Public Release: 

Compact wool measurement tool may find home on the range

Texas A&M AgriLife Communications

SAN ANGELO - Can a field-friendly, reasonably priced fiber measurement tool compare favorably with the high-dollar commercial unit that's set the industry standard for wool fineness measurement since 2000?

A team of Texas A&M AgriLife Research scientists at San Angelo is evaluating the new FibreLux and comparing its results with that of the OFDA2000, which has been used for several years and has the confidence of the industry for accuracy in measuring greasy or raw wool for average fiber diameter.

The FibreLux is a small portable, commercially available unit developed in South Africa. But while the FiberLux sells for around $2,000, the much larger OFDA2000 runs closer to $75,000, said Dr. Ronald Pope, AgriLife Research scientist and head of the Bill Sims Wool and Mohair Research Lab at San Angelo.
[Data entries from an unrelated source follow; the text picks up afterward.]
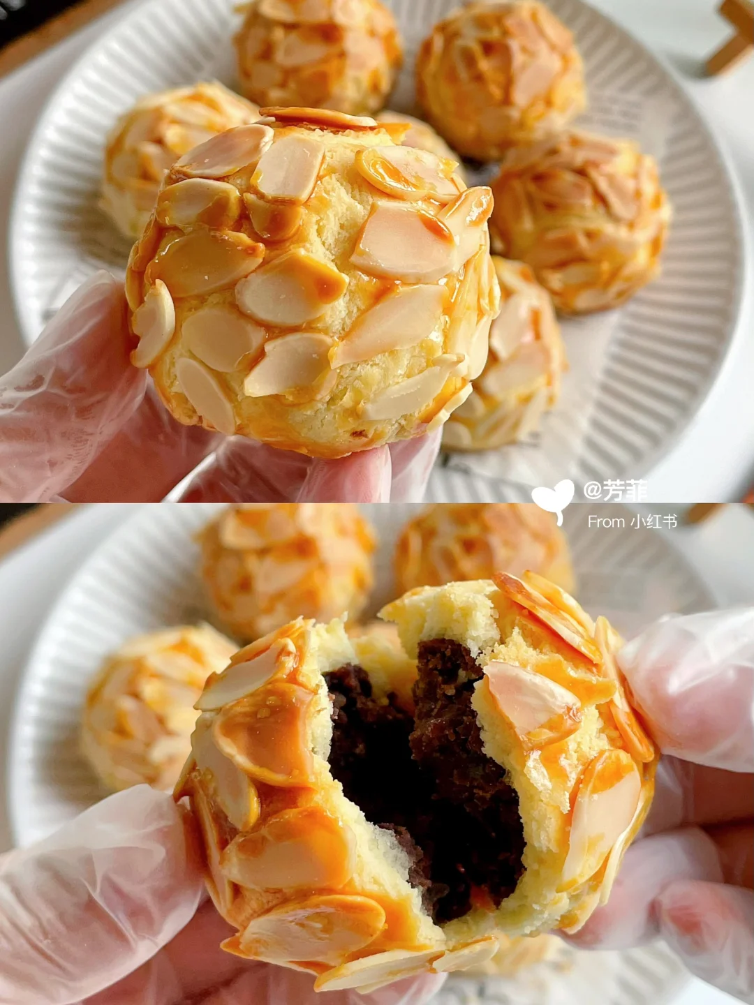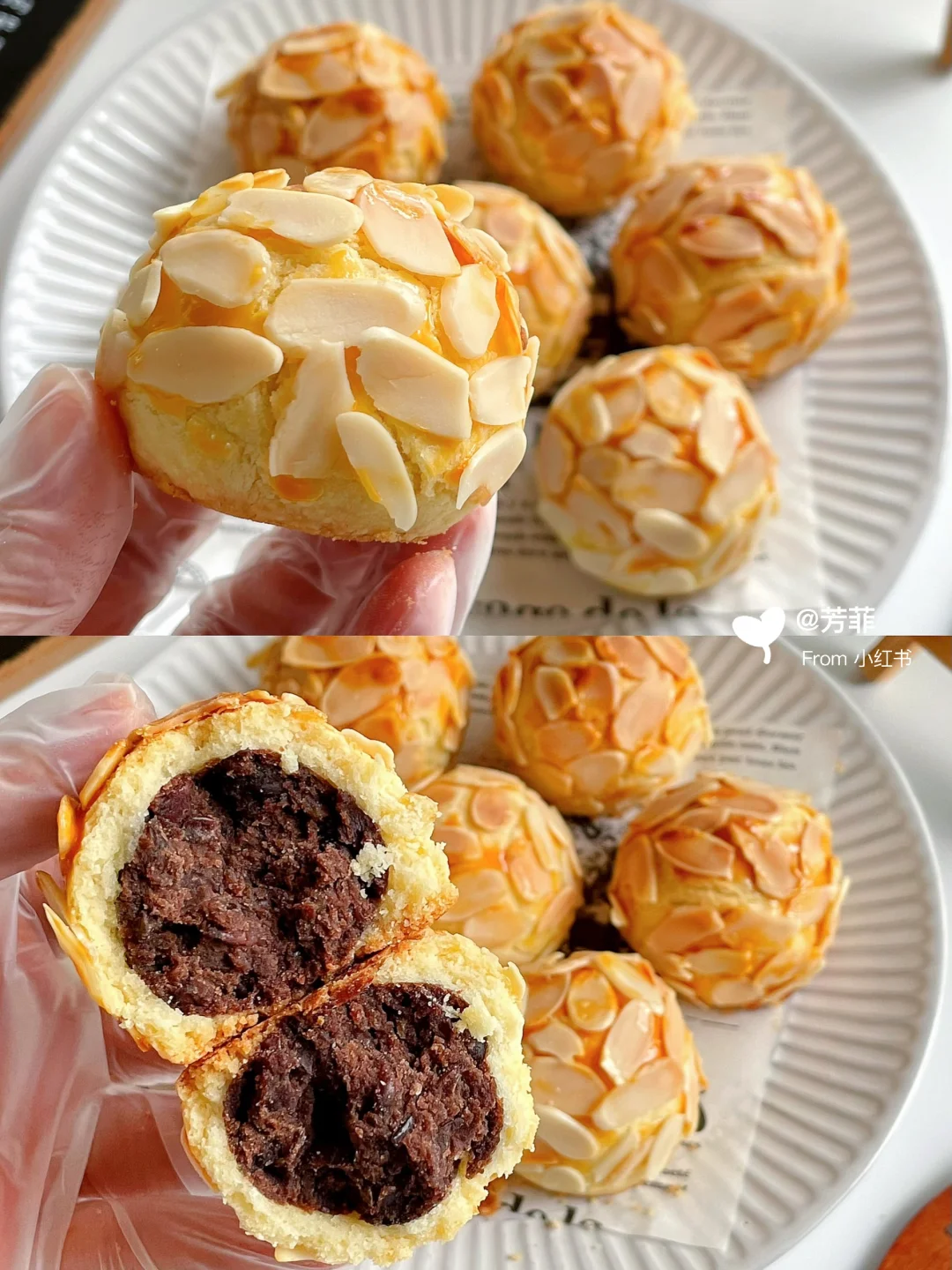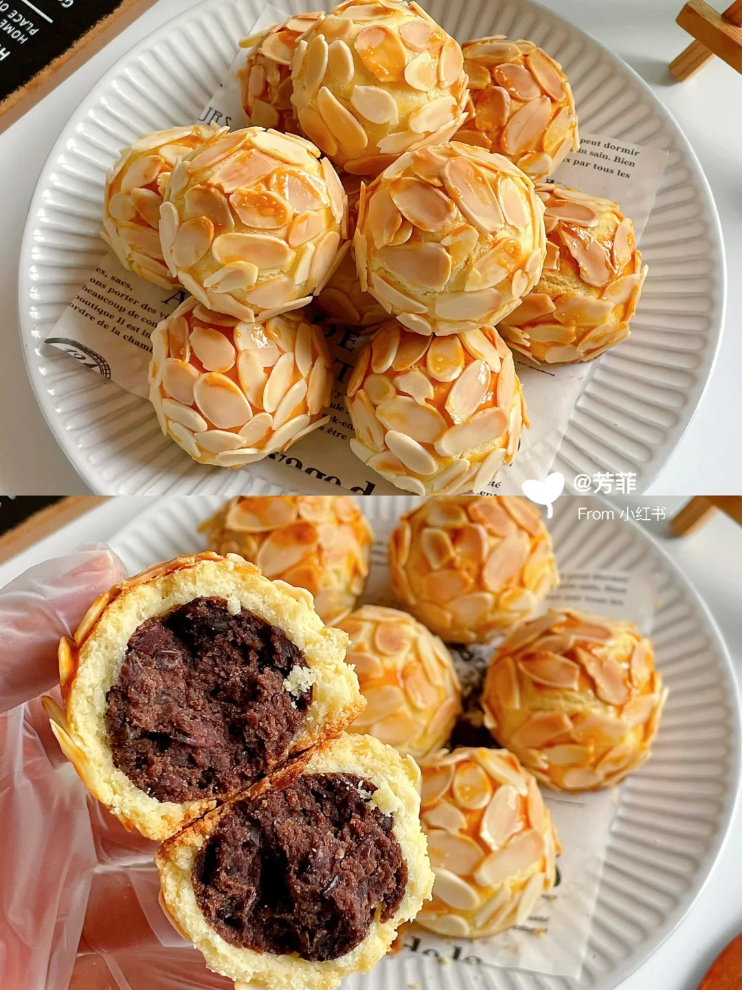 ♨️♨️烤好的杏仁酥香迷糊了,酥脆的杏仁片和奶香酥皮还有香甜红豆馅的搭配,一口下去绝了!巨巨好吃👯快做起来吧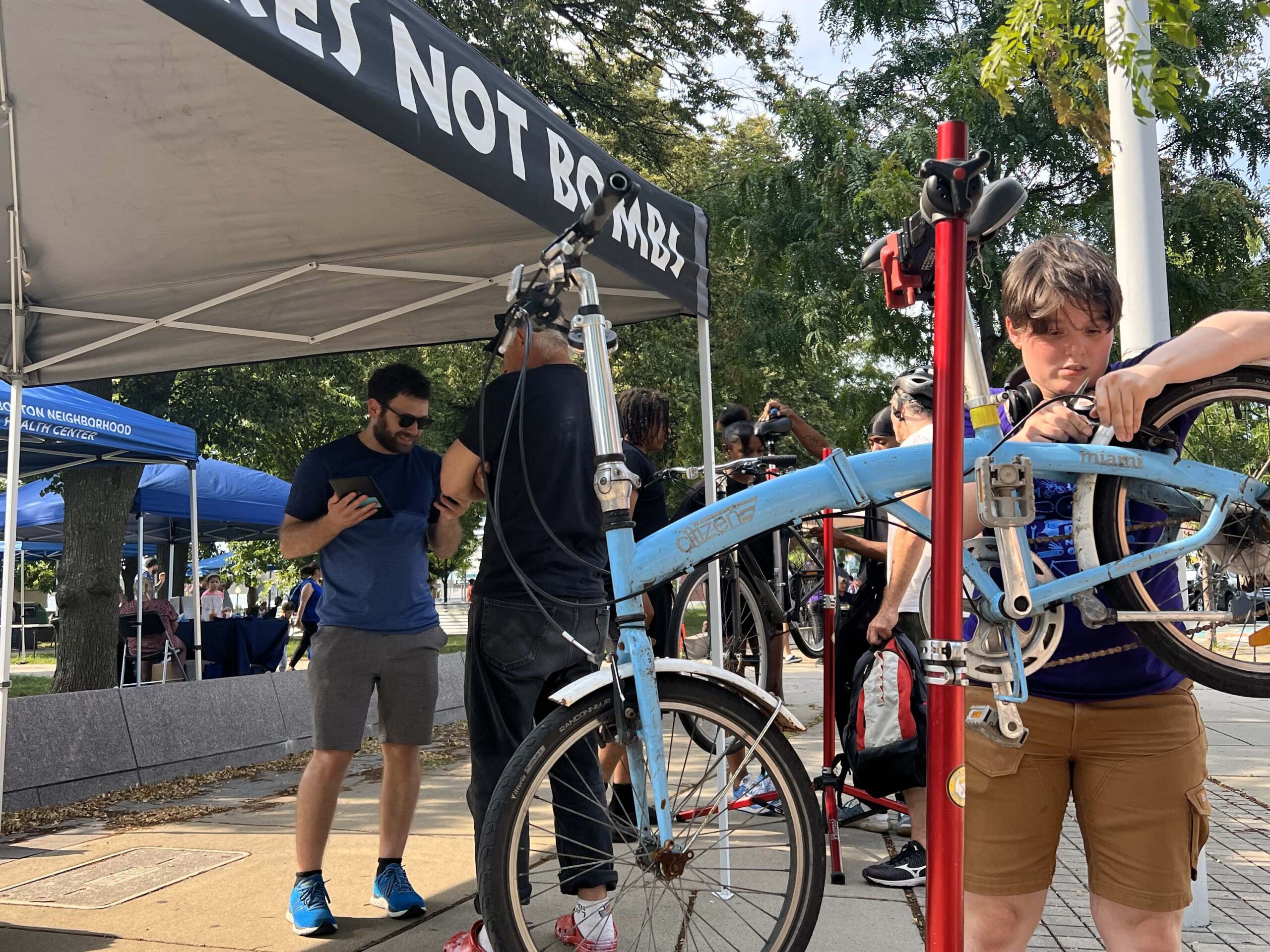 Bikes Not Bombs (BNB) is a Boston nonprofit that uses bicycles as vehicles for social change to increase economic mobility for Black and other marginalized people in Boston and the Global South. Since our founding in 1984, BNB has collected thousands of donated bikes each year, which we repurpose by shipping bikes, parts and tools to international partners in Africa, Central America, and the Caribbean. We also use these bicycles in our innovative youth development programs, where hundreds of youth each year earn bikes they have learned to refurbish, and then become eligible for a three-year paid Youth Apprenticeship at BNB. Our mission-driven, full service Bike Shop & Training Center sells new and refurbished bicycles.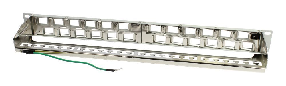 Passendes Zubehör für Keystone, Modulträger, 48,3 cm ( 19 Zoll )Patchpanel für 24xTP-Modul, 1HE(t 96mm) 45Grad Schrägauslass, Lichtgrau, Synergy 21,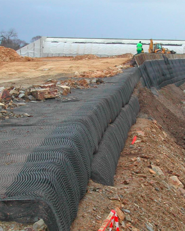 • Geomallas resistentes al creep, daño mecánico y agentes ambientales.
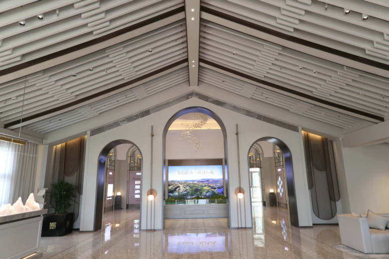 进入营销中心,迎面而来的是宽敞的接待大厅,左首接待,右首挑空。十余米的顶部延续波浪造型,以流线为装饰,自然延至楼下。墙上铺纯白色木作,挂金属质感壁灯,简约而时尚,质感而厚纯。直走穿过“川”字形高挑拱门,一幅群山环抱、河海尽览的实景图呈现眼前,在山海之间,青岛印象·川赫然矗立。中间是项目的区位沙盘,四周为集团的品牌介绍,36年的专注开发与公益情怀,让每一位客人肃然起敬。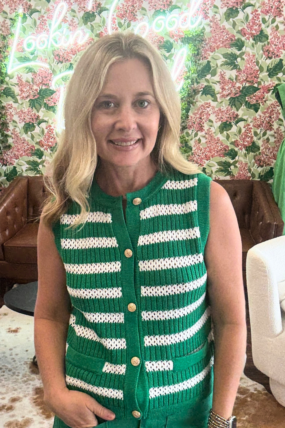 striped sweater vest with gold button detail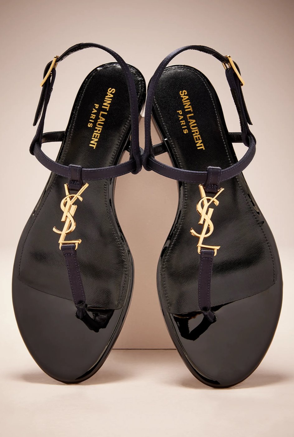 Saint Laurent Cassandra YSL Medallion Flat Sandals
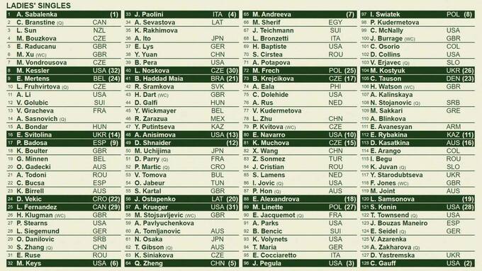 27 июня состоялась жеребьев Уимблдонского турнира 2025 в женском одиночном разряде.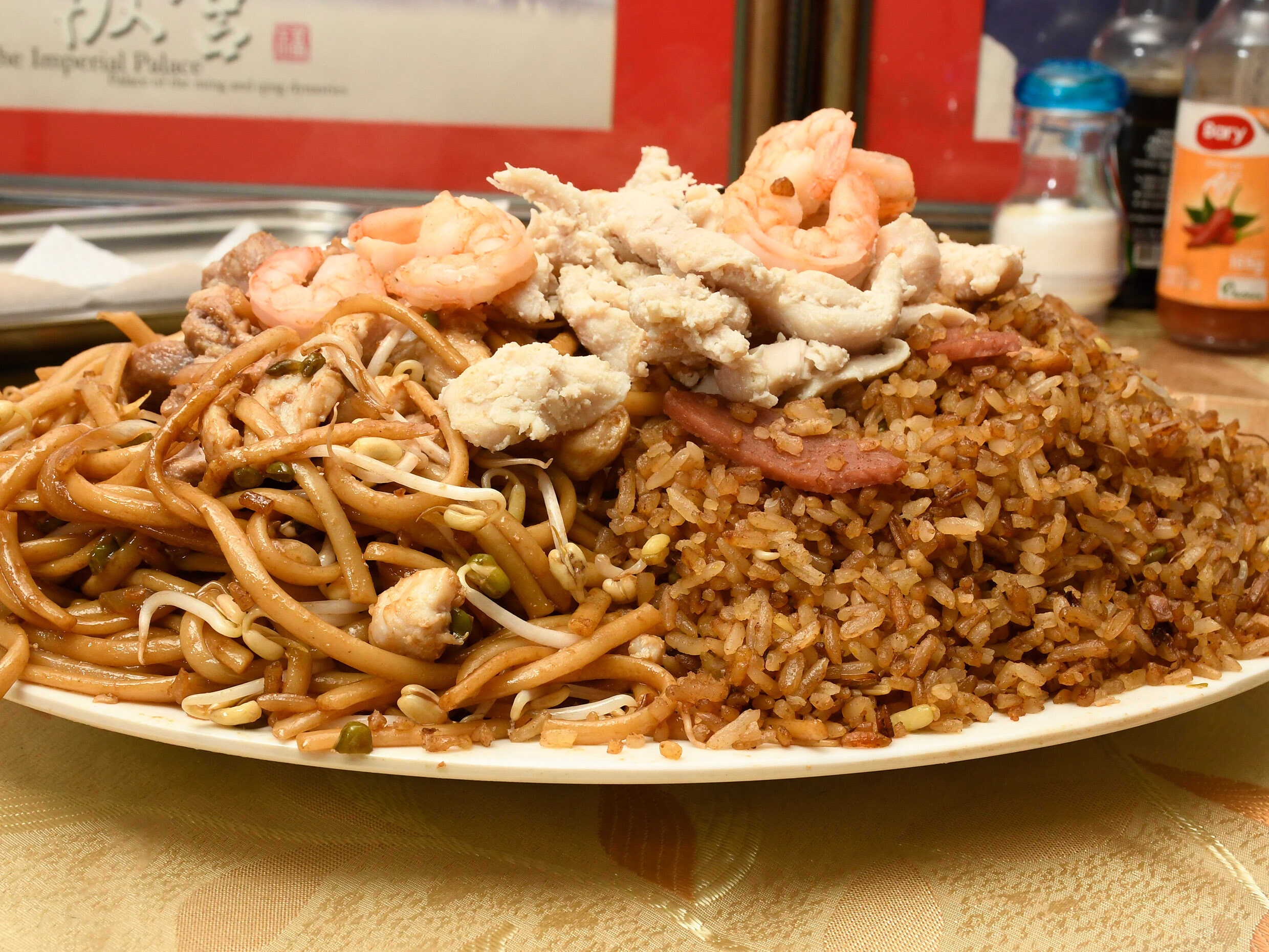 1/2 Arroz Chino con raices*1 + 1/2 Lomein (Spaguetti)*1 + Camarón, Pollo, Cerdo*1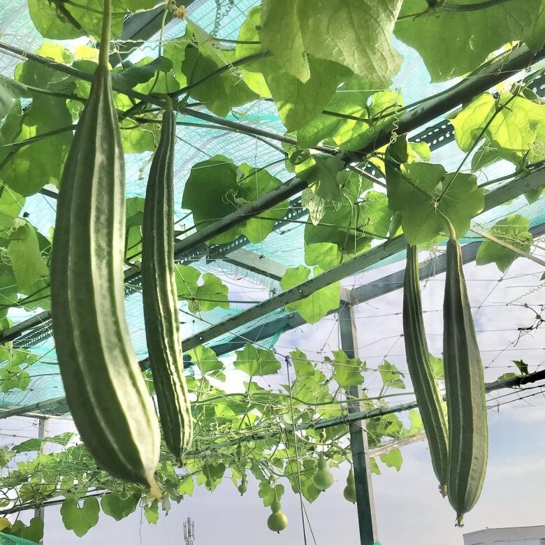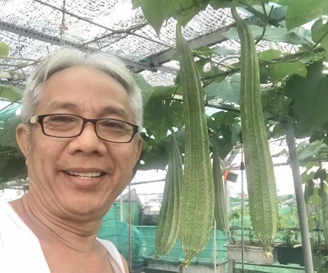 Quả thật, nhìn giàn mướp khía với những trái dài thòng, căng mọng hay những chùm đậu đũa sai trĩu quả, mướt rượt là đủ thấy công sức ông bỏ ra lớn đến nhường nào.
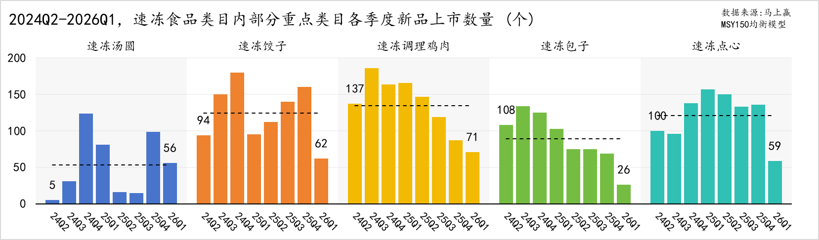 以观察期内季度平均上新数量降序来观察各类目的情况:速冻调理鸡肉2024年各季度上新较多,2025Q1开始上新数量逐季度递减,变化较大;速冻饺子的上新数量则自2025Q1起逐季度上升,但2026Q1新品上市数量不及同比期2025Q1;速冻包子、速冻点心也都在2026Q1创下了新品上市数量新低;火锅丸料的变化趋势与速冻饺子相似——年内逐季上升、同比逐渐走低,2026Q1上新数量已跌至仅19个;速冻汤圆上新数量受季节影响显著,Q4、Q1上新数量较多,Q2、Q3上新较少;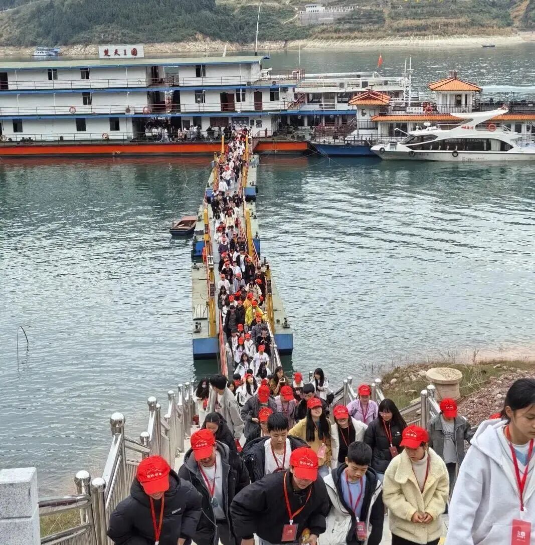 景区为师生们安排了土家文化专职讲解员,在游船上讲述神农溪的地质成因与人文变迁,并现场唱起原生态的土家山歌,邀请同学们一起体验纤夫号子的节奏。“嘿佐、嘿佐……”千名师生齐声应和,欢笑声与号子声在峡谷间久久回荡。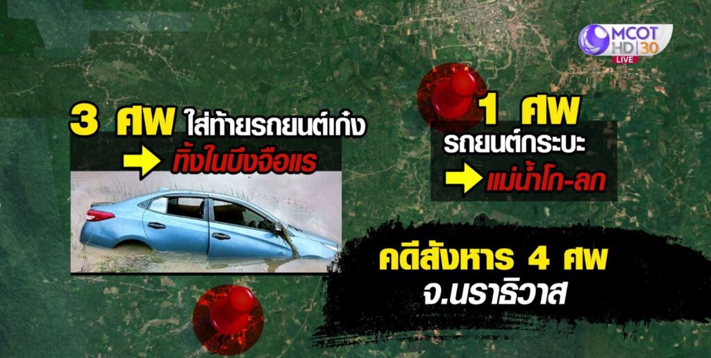 นราธิวาส 13 มี.ค. – ตำรวจรวบตัวน้องชาย “เมธี ลาบานูน” กับพวกรวม 5 คน เอี่ยวคดีฆ่าโหด 4 ศพ ยัดใส่เก๋งอำพรางคดีทิ้งบึงและแม่น้ำโก-ลก ปมเหตุขัดแย้งเรื่องส่วนตัว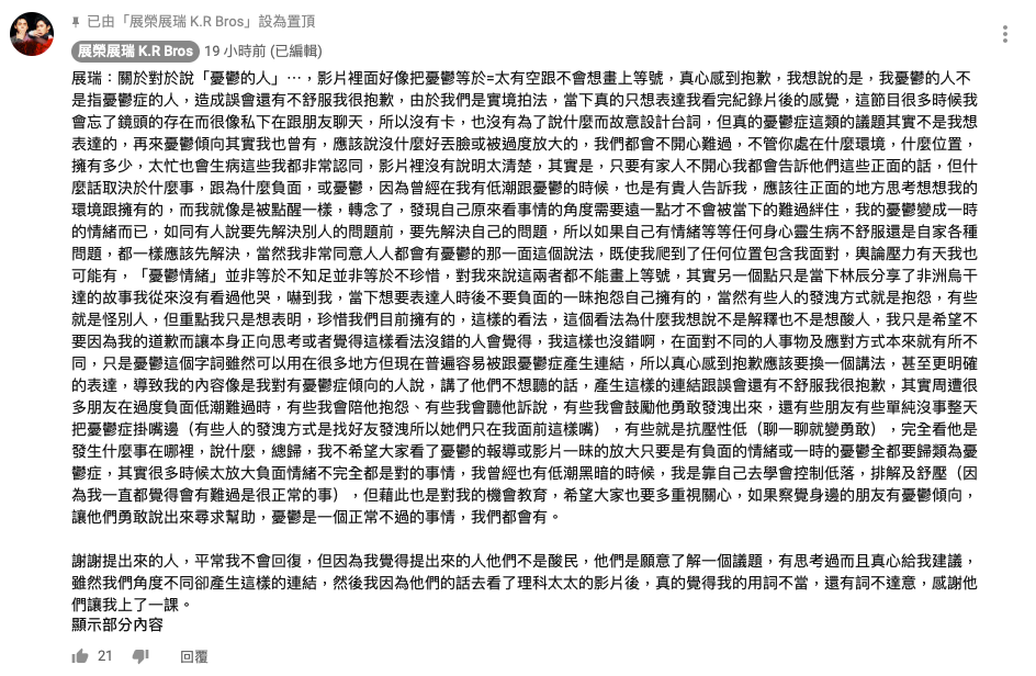 除了IG之外,展瑞也很快在影片底下置頂了相關的解釋文章,內容與IG大同小異,他表示「平常我不會回覆,但因為我覺得提出來的人他們不是酸民。」積極表達對於這次爭議的重視,看來他們對於頻道的留言與IG訊息都有認真瀏覽,在很快的時間內做了危機的公關處理,也藉由自身想法,與網友有了更多討論的機會,俗話說:「危機就是轉機。」實為一個很好的網紅公關處理案例。

"Both were developed as field units to give wool producers an easy accurate way to determine average fiber diameter of raw wool staples," Pope said. "But the OFDA2000 can be sensitive to transport since it has several moving parts that must stay in alignment to operate. And the OFDA2000 measures and calculates more attributes than average fiber diameter, whereas the FibreLux computes only average fiber diameter.

But average fiber diameter is the only measurement important to most producers, Pope said, because diameter fineness of individual wool fibers largely determines the value of the fiber; the finer the fleece, the better the wool and the better the wool, the higher its price.

Prior to the development of the OFDA2000, Pope said growers wanting to select breeding animals based on average fiber diameter had to send samples to a commercial testing lab for analysis. With the advent of the OFDA2000, growers could select animals almost immediately at the farm or ranch.

"Right now, we're looking at the FibreLux and comparing it to other instruments we have available," Pope said. "We're also just learning how to operate the FiberLux to see how practical it is for growers to use."

Pope and Monica Ebert, AgriLife Research student technician in the wool lab, have been working for two months to determine if the FibreLux, which is roughly the size of a loaf of bread, is user-friendly and accurate enough for producers wanting to select finer-fleeced animals for breeding stock, culling coarser-fibered animals or for fleece separation work done for packaging and marketing.

Dr. John Walker, resident director of research at the Texas A&M AgriLife Research and Extension Center at San Angelo, presented their current findings Jan. 30 at the American Sheep Industry Association convention at Reno, Nevada. Walker said the audience for his talk entitled "Evaluation of FibreLux Micron Meter," included major wool buyers and processors.

"There is no question the much larger OFDA 2000 provides more data, whereas we are trying to determine if the FibreLux might be enough for producers to use on the ranch for the purposes mentioned," Pope said.

Pope said it is recommended that side samples be used in both machines as those are the most representative of the animal's entire fleece. From this, a sample about the diameter of a pencil is taken, combed with a common hair comb to align and spread the fibers about an inch to cover the window on the small plastic fiber holder. Once clamped down, the excess fibers are trimmed and the holder is placed in the instrument "toaster-style" and the "enter" button pushed. Results take about 20 seconds per sample, which is roughly the same length of time needed to process a sample in the OFDA2000.

Pope said preliminary studies indicate an 87 percent accuracy rating between the two instruments, which he feels should be close enough for most producers' selection and marketing needs.